+++ EXERCISE DATA +++
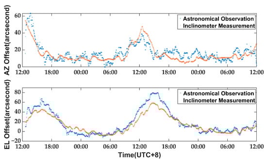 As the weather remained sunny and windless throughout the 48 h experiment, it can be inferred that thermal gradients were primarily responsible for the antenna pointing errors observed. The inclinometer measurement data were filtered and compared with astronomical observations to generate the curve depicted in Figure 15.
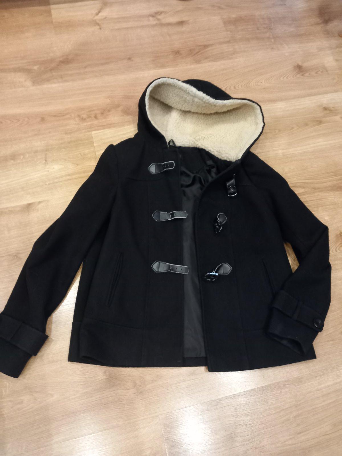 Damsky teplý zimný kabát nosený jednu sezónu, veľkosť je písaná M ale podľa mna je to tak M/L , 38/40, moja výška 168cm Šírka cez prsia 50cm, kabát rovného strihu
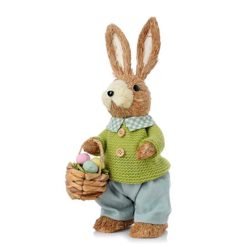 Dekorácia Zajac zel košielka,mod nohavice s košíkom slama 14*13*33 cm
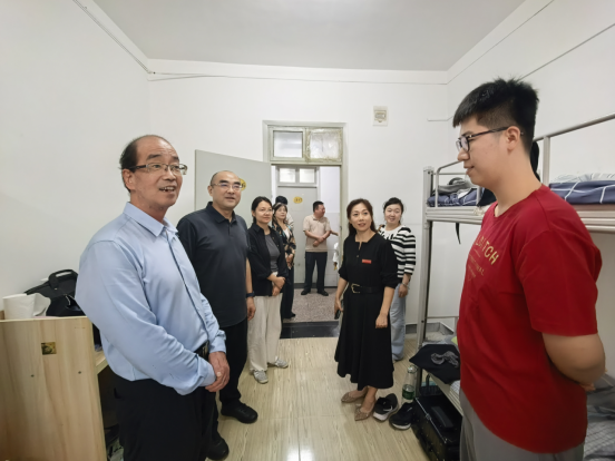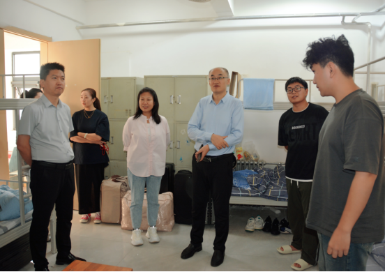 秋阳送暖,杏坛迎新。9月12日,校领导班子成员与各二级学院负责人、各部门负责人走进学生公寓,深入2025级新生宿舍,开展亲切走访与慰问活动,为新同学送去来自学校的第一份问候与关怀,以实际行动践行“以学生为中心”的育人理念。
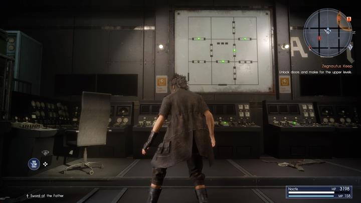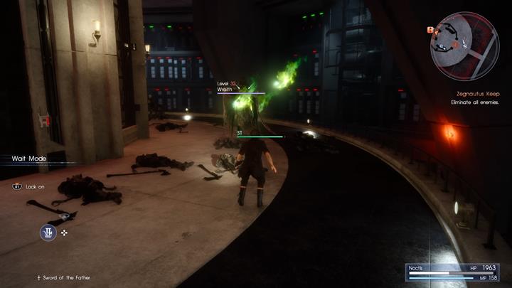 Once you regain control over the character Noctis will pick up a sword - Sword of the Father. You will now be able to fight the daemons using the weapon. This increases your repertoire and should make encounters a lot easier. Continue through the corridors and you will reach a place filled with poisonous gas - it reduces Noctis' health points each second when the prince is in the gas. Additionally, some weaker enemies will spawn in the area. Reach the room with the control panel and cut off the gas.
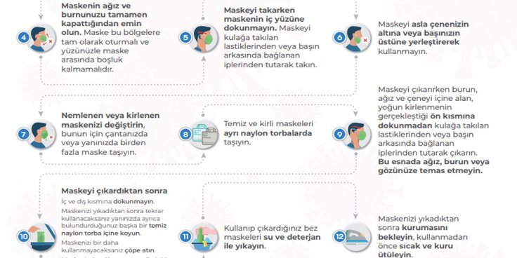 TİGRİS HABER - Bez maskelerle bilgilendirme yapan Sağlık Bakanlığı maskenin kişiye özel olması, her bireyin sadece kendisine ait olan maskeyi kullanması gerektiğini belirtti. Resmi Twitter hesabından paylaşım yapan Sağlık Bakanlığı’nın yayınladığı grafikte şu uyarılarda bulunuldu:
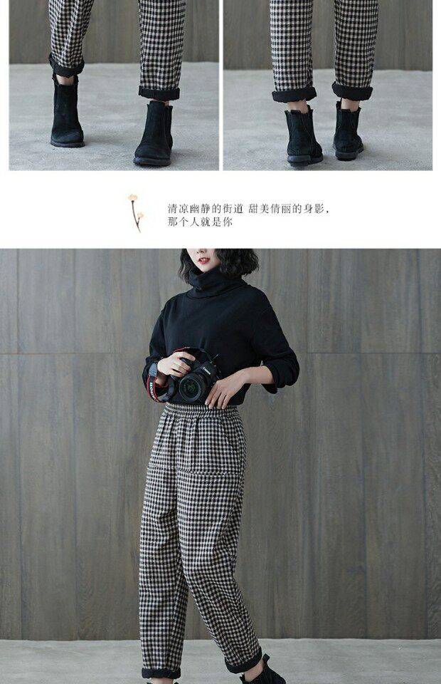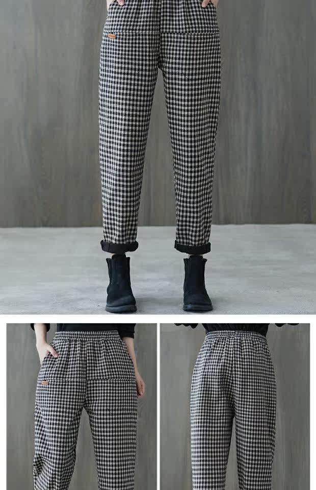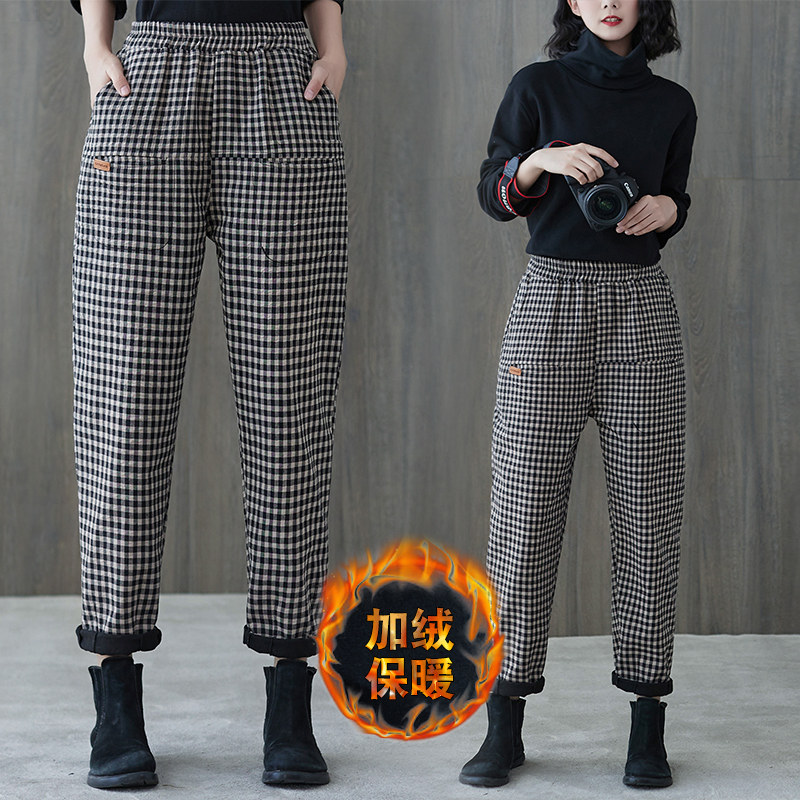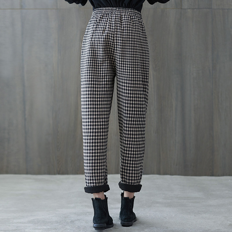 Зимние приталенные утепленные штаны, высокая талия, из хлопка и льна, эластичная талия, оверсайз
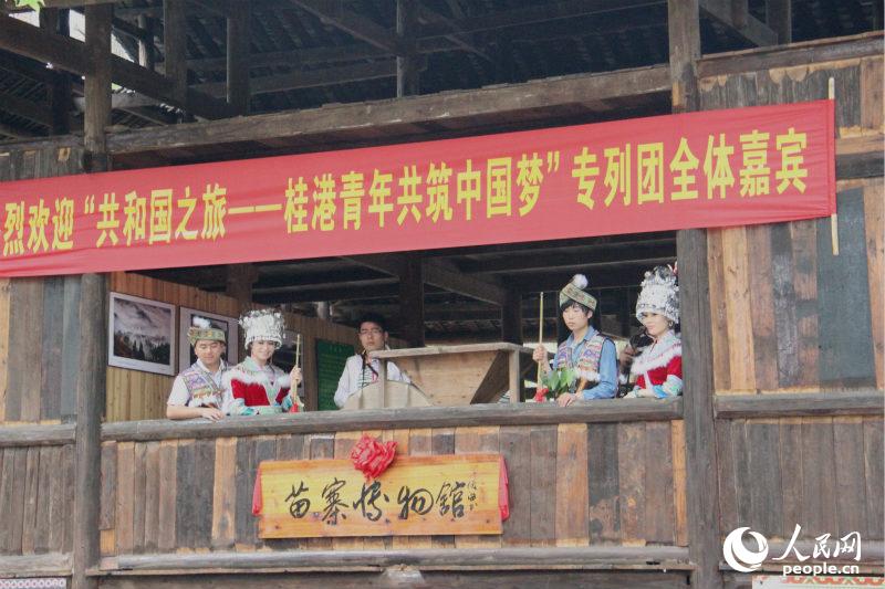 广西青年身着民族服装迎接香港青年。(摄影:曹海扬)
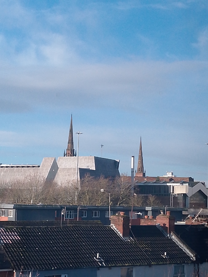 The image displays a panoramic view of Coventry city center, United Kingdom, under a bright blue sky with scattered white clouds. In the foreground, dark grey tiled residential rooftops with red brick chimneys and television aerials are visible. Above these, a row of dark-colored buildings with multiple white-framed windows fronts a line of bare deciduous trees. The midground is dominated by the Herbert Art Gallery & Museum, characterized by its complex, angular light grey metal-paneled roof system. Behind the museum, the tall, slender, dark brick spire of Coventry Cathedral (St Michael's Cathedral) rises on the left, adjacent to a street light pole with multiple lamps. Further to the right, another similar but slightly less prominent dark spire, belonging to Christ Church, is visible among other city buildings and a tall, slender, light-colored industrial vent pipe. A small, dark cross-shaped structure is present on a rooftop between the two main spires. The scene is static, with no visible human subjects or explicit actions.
+++
EXERCISE DESCRIPTION:
Pictures in the entries do not go into the copy. Print only the lines starting at the one containing "Зимние приталенные утепленные" and ending at the one containing "广西青年身着民族服装迎接香港青年。(摄影:曹海扬)", exactly as they appear.

REPLY TO THE TASK:
 Зимние приталенные утепленные штаны, высокая талия, из хлопка и льна, эластичная талия, оверсайз
 广西青年身着民族服装迎接香港青年。(摄影:曹海扬)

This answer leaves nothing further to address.